Instructions to follow: Exact copy, no pictures: repeat the data that follows.

Exercise materials:
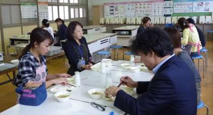 今日は、PTA給食委員会主催の試食会と料理講習会がありました。
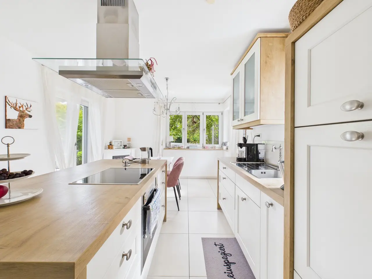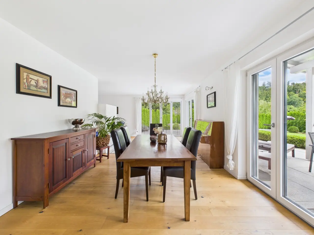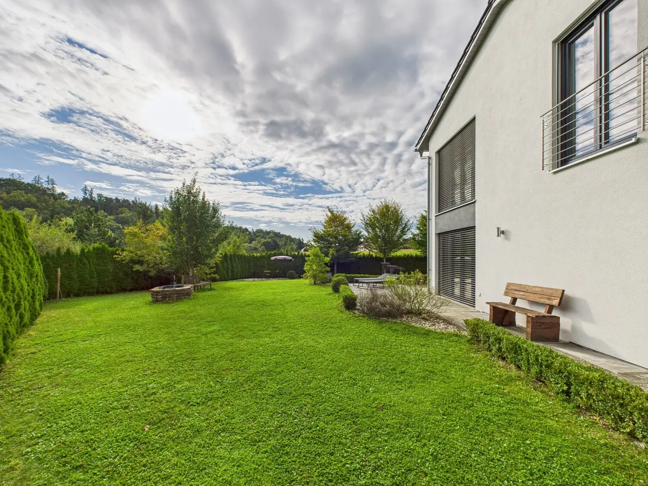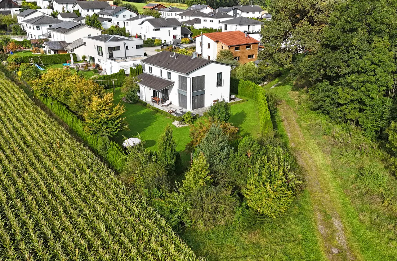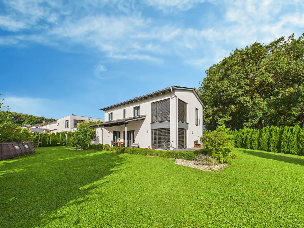 This exceptional architect-designed house from 2013 in Tiefenbach combines timeless elegance, modern architecture and a location that is second to none. On a living space of around 175 m² and a generous plot of 905 m², a living concept unfolds that is both well thought-out and prestigious. You can feel the special atmosphere as soon as you enter: clear lines, an exceptionally successful room layout and light-flooded rooms, which are enhanced by high-quality oak parquet and elegant tiled floors. Generous window fronts open up the view into the park-like, secluded garden, which offers absolute privacy and an unobstructed view - a green oasis that borders directly on a beautiful nature reserve. Centuries-old oak trees characterize the panorama, which you can enjoy from both the living room and the bedroom. Three sun terraces invite you to linger at any time of day. Whether it's breakfast in the first morning light, a sundowner on the roof terrace with fantastic sunsets or a relaxing end to the evening in the covered outdoor seating area - you'll find your favorite spot here at any time of year. The open-plan living and dining area with stylish panoramic fireplace creates an ambience that perfectly combines comfort and spaciousness. A high-quality wellness area with an exclusive bio steam sauna awaits you in the basement - the ideal retreat for relaxing hours. The comfortably converted basement rooms with underfloor heating also offer additional space that goes far beyond mere utility rooms. The technical equipment is modern and sustainable: an efficient air-to-water heat pump, triple-glazed isoglass windows, underfloor heating, a double garage and two outdoor parking spaces round off the overall picture. A property for people who are looking for something special - timeless, high-quality, unique.
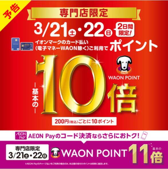 3月21日(土)~22日(日)2日間連続!イオンマークのカード払いご利用でWAON POINT-基本の-10倍【税込200円ごとに10ポイント】
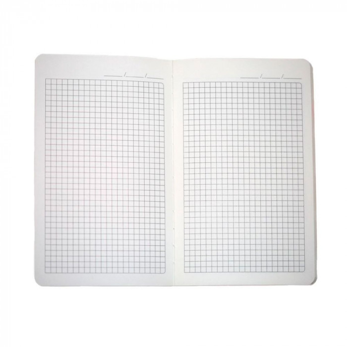 Має 8 перфорованих аркушів. У закритому вигляді блокнот фіксується за допомогою вертикальної гумки-фіксатора одного кольору з палітуркою. Тверда обкладинка зі штучної шкіри.
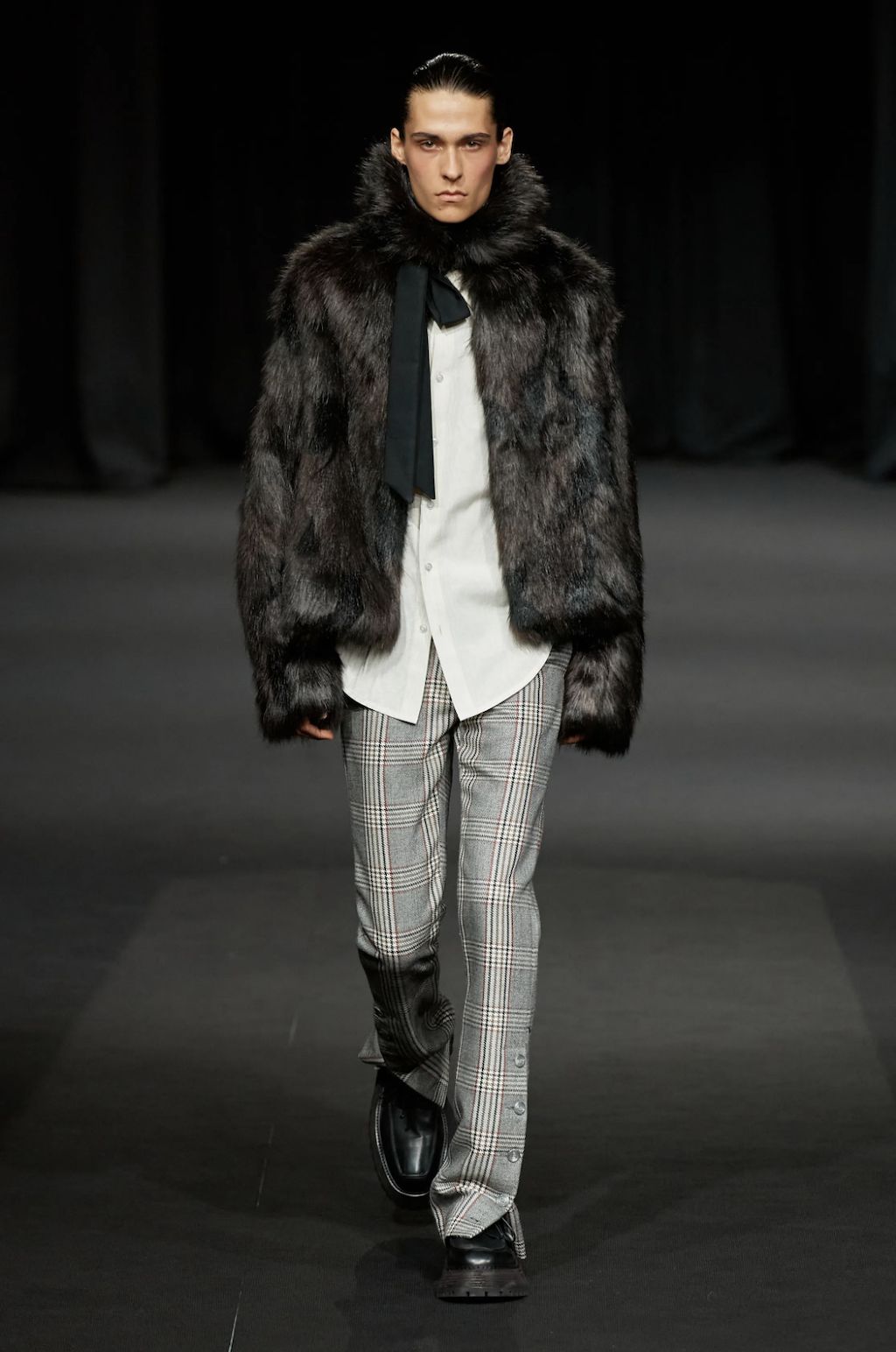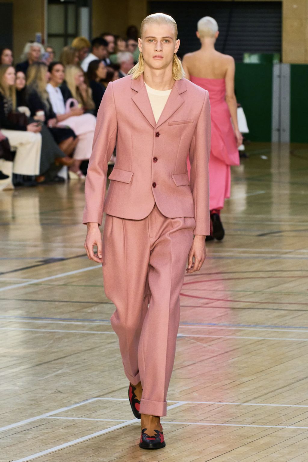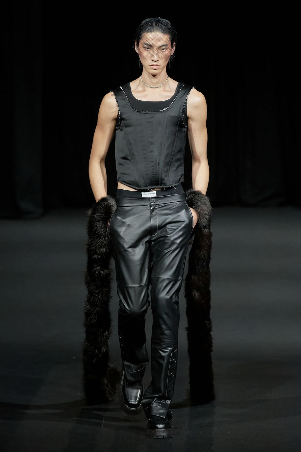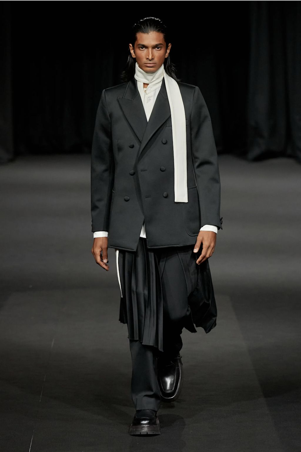 → Following a one-minute silence opening his show with a solemn tribute to Her Majesty the Queen, Daniel W. Fletcher paid homage to figures past and present who have made London their home - from King’s Road punks to Savile Row tailors. But also the initially very dark designs are reminiscent of the mourning for Elizabeth II.’s passing, especially the all-black morning suit worn with an armband to tribute to the Queen, opening his Spring/Summer 2023 show. Ever since Netflix’s hit series “Next in Fashion”, we have appreciated his skills. His craftsmanship is truly exceptional. No question the tailoring-focused SS23-collection referenced past and present silhouettes by mixing corsets and pyjama shirts with classic suiting. This was Fletcher’s most sustainable collection to date, working with deadstock fabrics through Nona Source, which sources waste fabrics from LVMH to repurpose elsewhere. A big yes from us!

Output:
 今日は、PTA給食委員会主催の試食会と料理講習会がありました。
 This exceptional architect-designed house from 2013 in Tiefenbach combines timeless elegance, modern architecture and a location that is second to none. On a living space of around 175 m² and a generous plot of 905 m², a living concept unfolds that is both well thought-out and prestigious. You can feel the special atmosphere as soon as you enter: clear lines, an exceptionally successful room layout and light-flooded rooms, which are enhanced by high-quality oak parquet and elegant tiled floors. Generous window fronts open up the view into the park-like, secluded garden, which offers absolute privacy and an unobstructed view - a green oasis that borders directly on a beautiful nature reserve. Centuries-old oak trees characterize the panorama, which you can enjoy from both the living room and the bedroom. Three sun terraces invite you to linger at any time of day. Whether it's breakfast in the first morning light, a sundowner on the roof terrace with fantastic sunsets or a relaxing end to the evening in the covered outdoor seating area - you'll find your favorite spot here at any time of year. The open-plan living and dining area with stylish panoramic fireplace creates an ambience that perfectly combines comfort and spaciousness. A high-quality wellness area with an exclusive bio steam sauna awaits you in the basement - the ideal retreat for relaxing hours. The comfortably converted basement rooms with underfloor heating also offer additional space that goes far beyond mere utility rooms. The technical equipment is modern and sustainable: an efficient air-to-water heat pump, triple-glazed isoglass windows, underfloor heating, a double garage and two outdoor parking spaces round off the overall picture. A property for people who are looking for something special - timeless, high-quality, unique.
 3月21日(土)~22日(日)2日間連続!イオンマークのカード払いご利用でWAON POINT-基本の-10倍【税込200円ごとに10ポイント】
 Має 8 перфорованих аркушів. У закритому вигляді блокнот фіксується за допомогою вертикальної гумки-фіксатора одного кольору з палітуркою. Тверда обкладинка зі штучної шкіри.
 → Following a one-minute silence opening his show with a solemn tribute to Her Majesty the Queen, Daniel W. Fletcher paid homage to figures past and present who have made London their home - from King’s Road punks to Savile Row tailors. But also the initially very dark designs are reminiscent of the mourning for Elizabeth II.’s passing, especially the all-black morning suit worn with an armband to tribute to the Queen, opening his Spring/Summer 2023 show. Ever since Netflix’s hit series “Next in Fashion”, we have appreciated his skills. His craftsmanship is truly exceptional. No question the tailoring-focused SS23-collection referenced past and present silhouettes by mixing corsets and pyjama shirts with classic suiting. This was Fletcher’s most sustainable collection to date, working with deadstock fabrics through Nona Source, which sources waste fabrics from LVMH to repurpose elsewhere. A big yes from us!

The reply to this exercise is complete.